DATA REPOSITORIES VERSUS DATA SETS

The Data Citation Index captures all available metadata for the data repositories we index. In many cases, this available metadata is very granular and the repository is broken into a variety of child data types (studies, sets). In other instances the content will only appear as a single repository record. This can be caused by two separate scenarios – one that will change over time and one that will remain as indexed at launch.

In some cases a data repository is still working to create a uniform structure that will enable its content to be indexed at the granular level. Through our evaluation and selection process, Thomson Reuters determined that because the content in the repository is so critical to Web of Science users and because the repository is working with us to implement a more consistent data structure, the data would be made available within the Data Citation Index as the repository formatting work is underway.

In many other instances, however, the data repository will always only include a single record in Data Citation Index with no affiliated child records unless the repository itself makes significant architectural changes – and its users in turn change the way they interact with the repository. These repositories are essentially one large record and the citable object is the repository itself. When thinking about these repositories, data set records and data studies do not exist. Usually either the repository is one big collection of data (maybe from a specific project) or bespoke data are exported as some sort of report from the repository by the user entering various parameters, and an internal repository search pulls together appropriate data based on a variety of criteria. The nature of these repositories is to be a large trunk filled with data related to a specific subject or topic as opposed to a neatly organized cabinet with several separate drawers and shelves.

COVERAGE OF REGIONAL REPOSITORIES

While data repositories are often affiliated with a specific institution or organization, their content can be global in origin. Researchers from around the world tend to select the data repository that is most applicable to the subject area they are examining as opposed to one based on geographical proximity.

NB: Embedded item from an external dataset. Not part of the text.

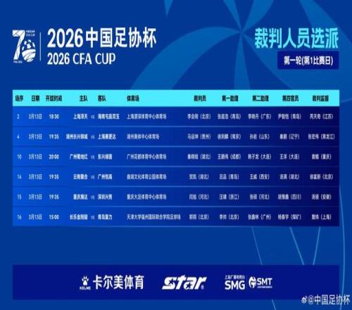 3月13日,2026中国足协杯迎来首轮首个比赛日。赛前,中国足协发布了首日6场比赛的裁判人员选派安排表。

For the first phase of the Data Citation Index we have identified data repositories that have the some of the most relevant, widely applicable data and prioritized these for early stage inclusion.
However, there is likely to be truly regional content only available within regional repositories that is important to our customers. As with all of our products, we will closely monitor usage trends and feedback from our customers to ensure our content strategy aligns with the market’s needs.

We have aggressive goals associated with indexing additional data repositories each year as the Data Citation Index develops from an essential database of data sets and studies to a fully integrated web of citation and analytics. Part of this will include monitoring these regional needs and determining the best way to meet researchers’ expectations. As with regional citation indexes on Web of ScienceSM, we will look for the most relevant content from reliable, sustainable data repositories to add content and context to the Data Citation Index as the product matures.